Trotz dem frischen Wind und der veränderten Wahrnehmung unserer traditionellen Musik stehen wir in der Schweiz erst am Anfang einer Entwicklung, die in anderen Ländern bereits in den 70er-Jahren eingesetzt hat. «Back to the roots» war das Motto der Folk-Bewegung damals, und viele Länder haben ihre ursprüngliche Volksmusik entdeckt und wieder zum Leben erweckt. Die damalige Folkbewegung der Schweiz interessierte sich für fast alles, nur nicht für die eigene Tradition – abgesehen von wenigen Ausnahmen.

Ein vergessener Aspekt unserer Volksmusik des 19. Jahrhunderts ist beispielsweise die Verwendung der Geige. Auf den 250 Fotos von Tanzmusikformationen, die Hanny Christen gesammelt hat, sieht man, wie gross die Verbreitung der Geige als Tanzmusikinstrument einmal war. Im Safiental gab es sogar eine Geigenschule mit richtigen Grossformationen, die an die Fiedlergruppen in Skandinavien erinnern. Viele der Instrumente wurden im Winter von den Bauern selbst angefertigt.
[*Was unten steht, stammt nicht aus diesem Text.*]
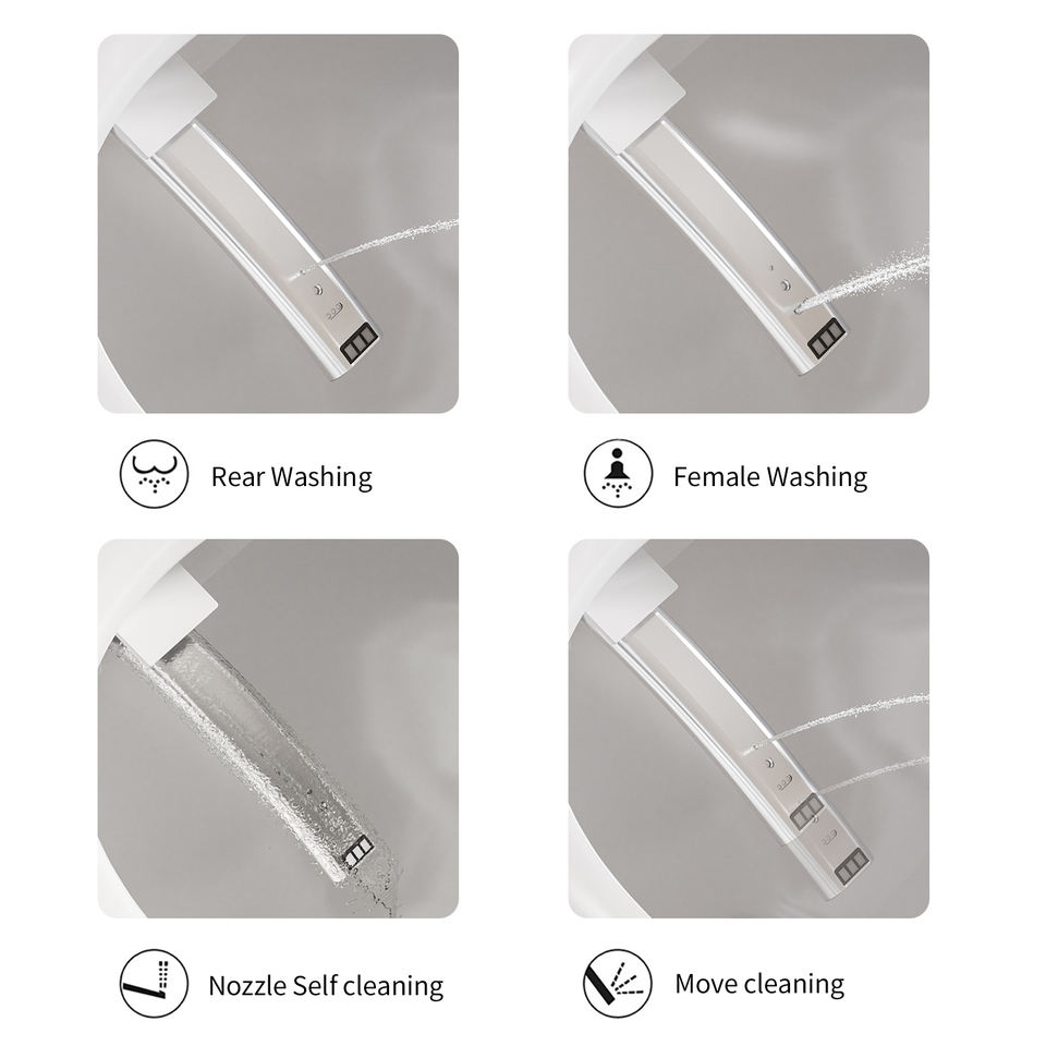 Fonction avancée:Nuit lumière, Réglage de la température de l'eau, Réglage de la pression de l'eau, Buse autonettoyante, Lave-femme, Sesiège de chauffage, Nettoyage de la buse mobile, Séchage à l'air chaud, Type de chauffage instantané, Pied capteur flush, Couverture automatique, Désodorisation automatique, Télécommande, Lavage de Fesses

Zu den Geigen gesellte sich als Begleitinstrument ein selbstgebautes Bassett (etwas zwischen Violoncello und Kontrabass).
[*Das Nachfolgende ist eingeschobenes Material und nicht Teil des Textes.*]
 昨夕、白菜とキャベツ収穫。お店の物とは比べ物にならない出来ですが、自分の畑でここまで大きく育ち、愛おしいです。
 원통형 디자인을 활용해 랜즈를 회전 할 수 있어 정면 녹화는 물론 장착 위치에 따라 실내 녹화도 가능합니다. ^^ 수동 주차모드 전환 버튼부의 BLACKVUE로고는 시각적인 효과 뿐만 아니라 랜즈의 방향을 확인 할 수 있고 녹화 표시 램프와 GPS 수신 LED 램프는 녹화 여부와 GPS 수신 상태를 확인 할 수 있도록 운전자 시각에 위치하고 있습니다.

Doch wie haben diese Fiedler gespielt? Bis vor kurzem konnte man das nur erahnen. Die Feldaufnahmen von Hanny Christen, die sie ab Mitte der 50er-Jahre an verschiedenen Orten machte, geben nun einen sensationellen und authentischen Einblick in deren Spielweise. Sie machte diese Aufnahmen in den Stuben der wenigen Fiedelmusikanten, die diese alte Tradition noch pflegten, wie zum Beispiel Hans und Adolf Kreuzer aus dem Goms im Wallis oder Tumasch Dolf in Zillis im Kanton Graubünden. Von beiden sind Originalaufnahmen sowie neu eingespielte Stücke auf dieser CD zu hören.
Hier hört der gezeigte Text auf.